*Exercise directions:* Instruction for the entries below: return the part that opens with the line containing "Короткое летнее платье, выполненное" and closes with the line containing "Ce puzzle représentant", exactly, and no pictures.

*Record excerpts:*
=-=-=

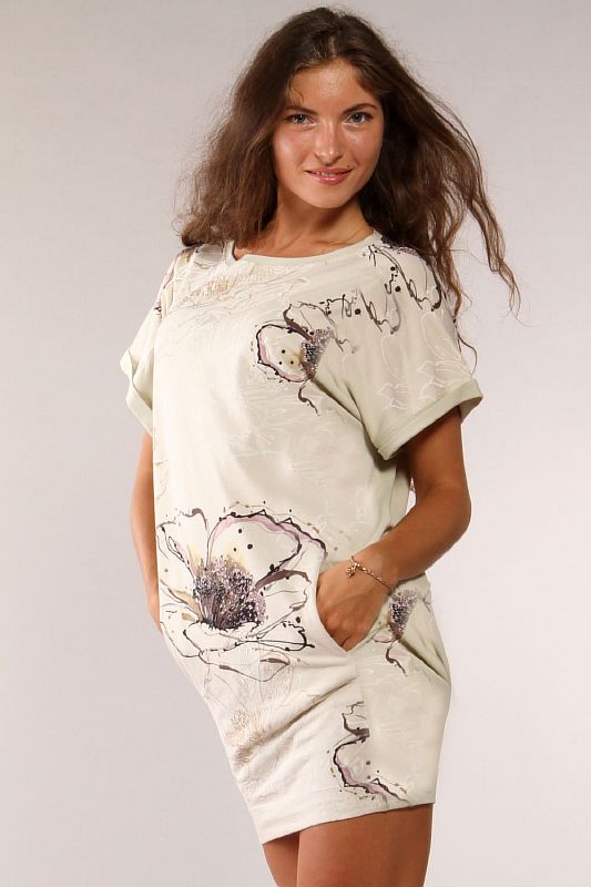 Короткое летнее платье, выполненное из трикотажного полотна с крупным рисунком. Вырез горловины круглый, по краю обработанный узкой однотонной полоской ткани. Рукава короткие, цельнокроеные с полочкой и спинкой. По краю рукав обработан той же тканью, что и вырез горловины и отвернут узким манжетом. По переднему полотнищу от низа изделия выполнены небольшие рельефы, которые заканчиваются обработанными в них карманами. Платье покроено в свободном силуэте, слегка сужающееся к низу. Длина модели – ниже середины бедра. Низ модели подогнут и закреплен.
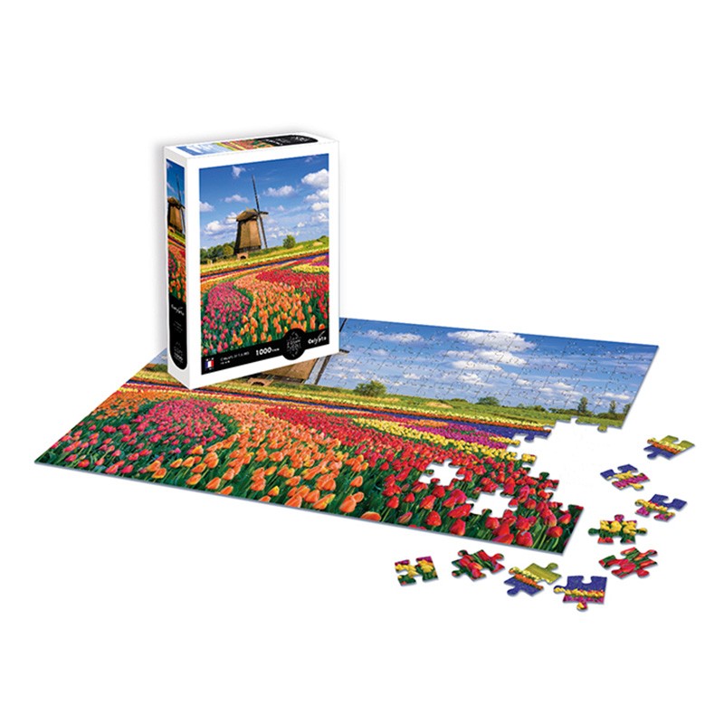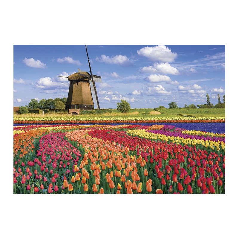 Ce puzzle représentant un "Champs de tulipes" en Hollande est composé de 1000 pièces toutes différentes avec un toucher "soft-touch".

=-=-=

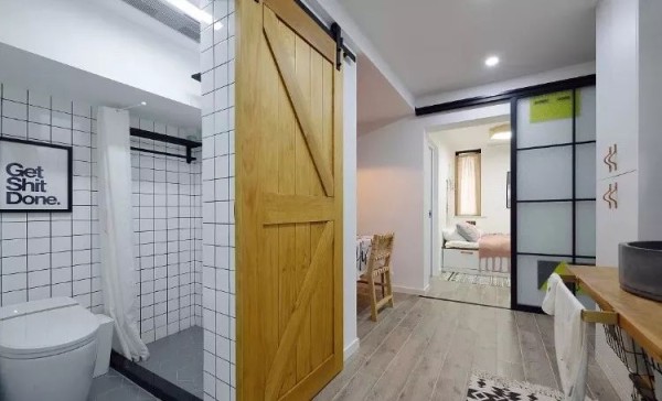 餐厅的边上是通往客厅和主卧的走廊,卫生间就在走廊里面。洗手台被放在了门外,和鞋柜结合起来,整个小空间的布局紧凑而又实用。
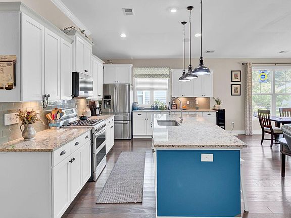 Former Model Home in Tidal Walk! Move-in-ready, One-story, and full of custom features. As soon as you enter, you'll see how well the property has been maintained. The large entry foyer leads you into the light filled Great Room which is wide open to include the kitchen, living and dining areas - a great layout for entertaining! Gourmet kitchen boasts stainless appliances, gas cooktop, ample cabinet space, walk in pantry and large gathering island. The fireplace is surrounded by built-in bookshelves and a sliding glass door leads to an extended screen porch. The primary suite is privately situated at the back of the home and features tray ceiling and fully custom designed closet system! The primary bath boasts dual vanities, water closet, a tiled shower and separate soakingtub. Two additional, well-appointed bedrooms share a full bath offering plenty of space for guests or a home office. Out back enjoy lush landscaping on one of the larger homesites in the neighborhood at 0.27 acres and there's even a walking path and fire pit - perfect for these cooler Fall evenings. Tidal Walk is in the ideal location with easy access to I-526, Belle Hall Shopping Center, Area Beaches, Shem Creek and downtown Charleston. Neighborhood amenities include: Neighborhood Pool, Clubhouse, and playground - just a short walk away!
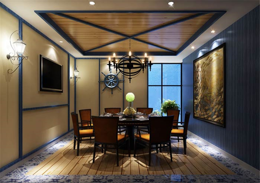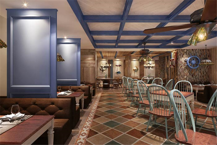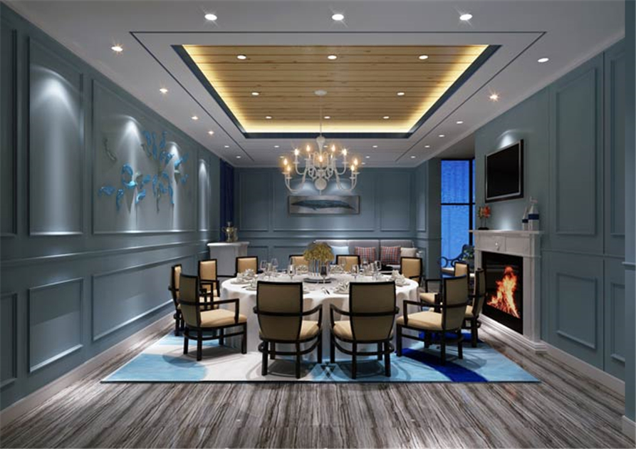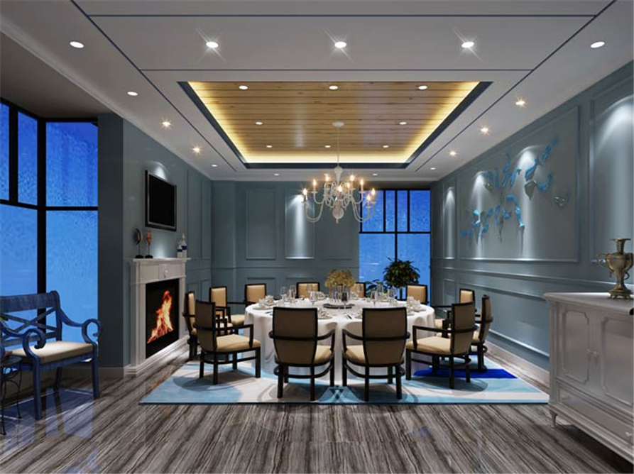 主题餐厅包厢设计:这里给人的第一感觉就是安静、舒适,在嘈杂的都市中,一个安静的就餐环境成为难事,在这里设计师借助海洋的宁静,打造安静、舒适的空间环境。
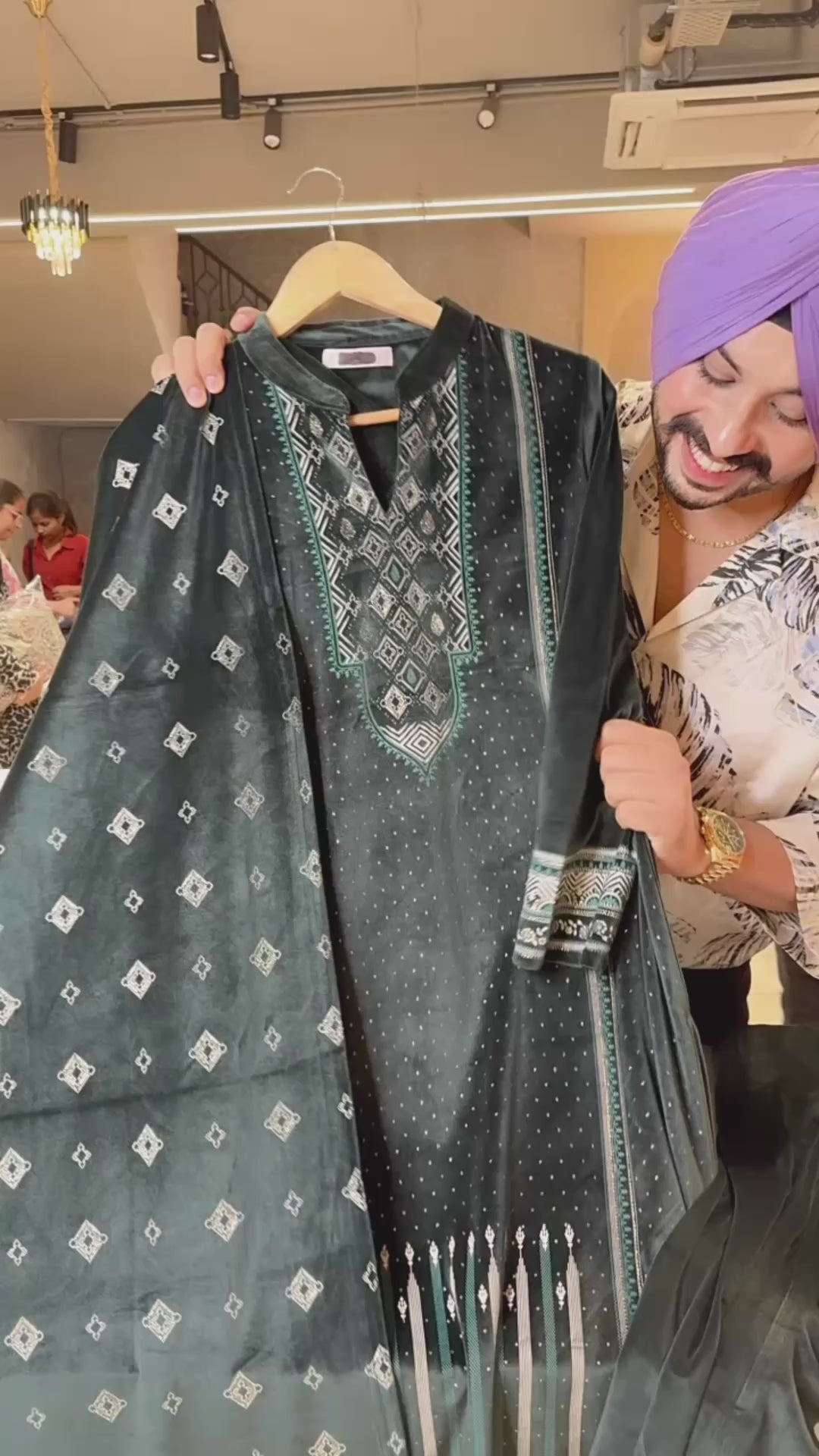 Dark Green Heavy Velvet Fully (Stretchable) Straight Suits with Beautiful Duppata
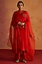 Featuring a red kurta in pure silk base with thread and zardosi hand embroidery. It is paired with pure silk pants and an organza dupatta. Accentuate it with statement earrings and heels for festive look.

=-=-=

*Answer to the problem:*
 Короткое летнее платье, выполненное из трикотажного полотна с крупным рисунком. Вырез горловины круглый, по краю обработанный узкой однотонной полоской ткани. Рукава короткие, цельнокроеные с полочкой и спинкой. По краю рукав обработан той же тканью, что и вырез горловины и отвернут узким манжетом. По переднему полотнищу от низа изделия выполнены небольшие рельефы, которые заканчиваются обработанными в них карманами. Платье покроено в свободном силуэте, слегка сужающееся к низу. Длина модели – ниже середины бедра. Низ модели подогнут и закреплен.
 Ce puzzle représentant un "Champs de tulipes" en Hollande est composé de 1000 pièces toutes différentes avec un toucher "soft-touch".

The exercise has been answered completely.